Output directly in chat as markdown — clean, scannable, ranked. Don't write files unless asked. Use this shape:

```
# Compliance Audit — {product}

> ⚠️ **Indicative guidance, not legal advice.** This is an automated read of your
> code, not a lawyer. For anything high-stakes, get a professional. Built to get
> you most of the way there.

## Risk snapshot
**Overall: 🔴 High risk** · 3 critical · 2 medium · 1 low
One sentence in plain English on the headline problem.

## The four essentials
| # | Check | Status |
|---|-------|--------|
| 1 | Privacy policy matches what you collect | ❌ |
| 2 | Real way to delete user data           | ❌ |
| 3 | Users told they're dealing with AI      | ⚠️ |
| 4 | Every third party named                 | ❌ |

## Findings

### 🔴 Critical
**No privacy policy in the repo** — anyone in the EU can sign up, so GDPR Art. 13
requires you to tell them what you collect and why. Nothing found under any
`privacy`/`legal` route.
→ Fix: publish a policy that matches your actual data (I can generate one).

**The AI provider isn't disclosed** — every message users type in the chat at
`app/api/chat/route.ts:18` is sent to Anthropic, but no policy names them.
→ Fix: add Anthropic (and your other processors) to a "who we share data with" list.

### 🟠 Medium
... (same shape: what · where · law · fix)

### 🟡 Low
...

## Do these first
1. ...
2. ...
3. ...

## Want me to fix them?
I can, right now in this repo:
- Generate a **privacy policy** that matches what your code actually collects
- Scaffold a real **delete-my-account** flow (route + UI hook)
- Add an **"you're chatting with AI"** disclosure to the chat UI
- Add a **consent-gated cookie banner** so analytics only fire after opt-in
- Produce a **sub-processor list** of every third party touching user data
Tell me which and I'll do it.
```

Rules for the report:
- Lead with the four essentials — they're what the audience came for.
- Every finding names **what's wrong, where (file ref), the law, and the fix**. No vague "you should review your data practices."
- Keep the AI-provider point sharp: *your AI provider processes every message — your users should know.*
- End by offering to implement the fixes. The value is in the doing, not just the list.

---

## Step 6 — Fix on request

If they say yes, implement against what the code actually does — never a generic template:
- **Privacy policy** — generate from the audited reality: the exact data collected, each named processor, transfers, retention, and how to exercise rights. Match the site's stack/format (a `/privacy` page or a markdown doc).
- **Deletion flow** — a real endpoint + a settings hook that deletes the user's rows and tells downstream processors to delete where it can.
- **AI disclosure** — a clear, unobtrusive notice in the AI surface ("Responses are AI-generated").
- **Cookie consent** — a banner that blocks non-essential scripts until opt-in, wired to the analytics it found.
- **Sub-processor list** — a maintained list/table of every third party and what it processes.

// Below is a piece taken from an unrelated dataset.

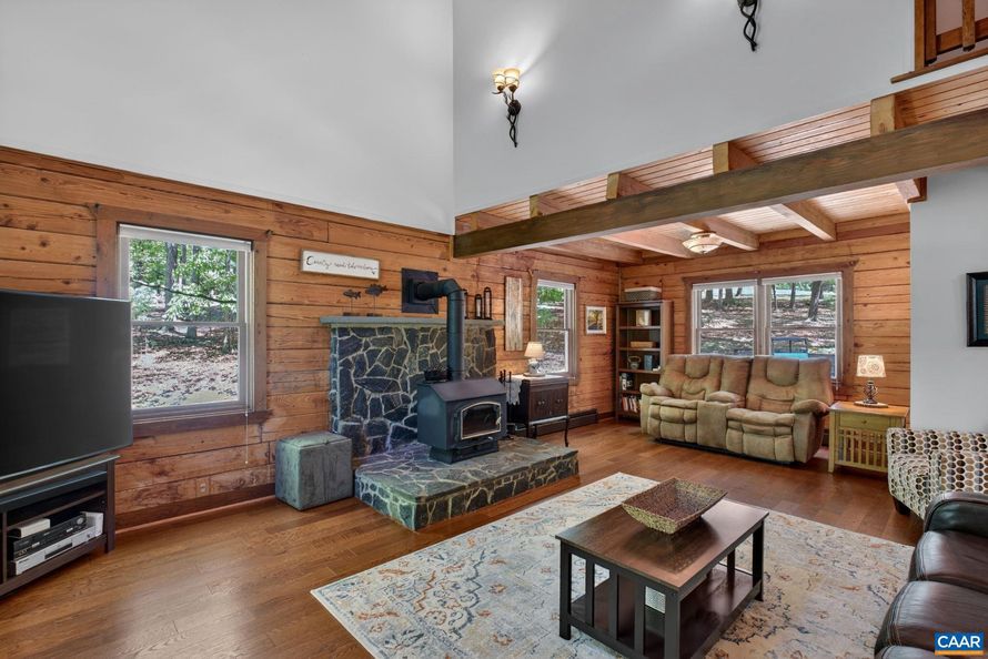 Tucked along the 14th green in Lake Monticello, this Cape Cod log home offers a rare blend of quiet country living and scenic golf course views on a private 0.68-acre lot. Start your mornings on the wraparound porch with coffee and birdsong, and wind down in the evenings as deer pass through the...

Then re-state which findings are now closed.

---

## Important notes

- **Not legal advice.** Say it once, clearly, at the top of the report. This gets someone most of the way; it doesn't replace a lawyer for high-stakes calls.
- **GDPR ≈ UK GDPR.** The audit covers both; the obligations are near-identical.
- **The August date is real and close.** EU AI Act Art. 50 transparency applies from 2 August 2026 — lead the AI-disclosure finding with that if it's still upcoming.
- **Tailor to the stack.** A Next.js app, a Rails API, and a static site each hide their data flows in different places — adapt Step 2 to what you actually find.
- **Don't pad the report.** A product with three real problems should get three findings, not a checklist of twenty maybes. Signal over noise.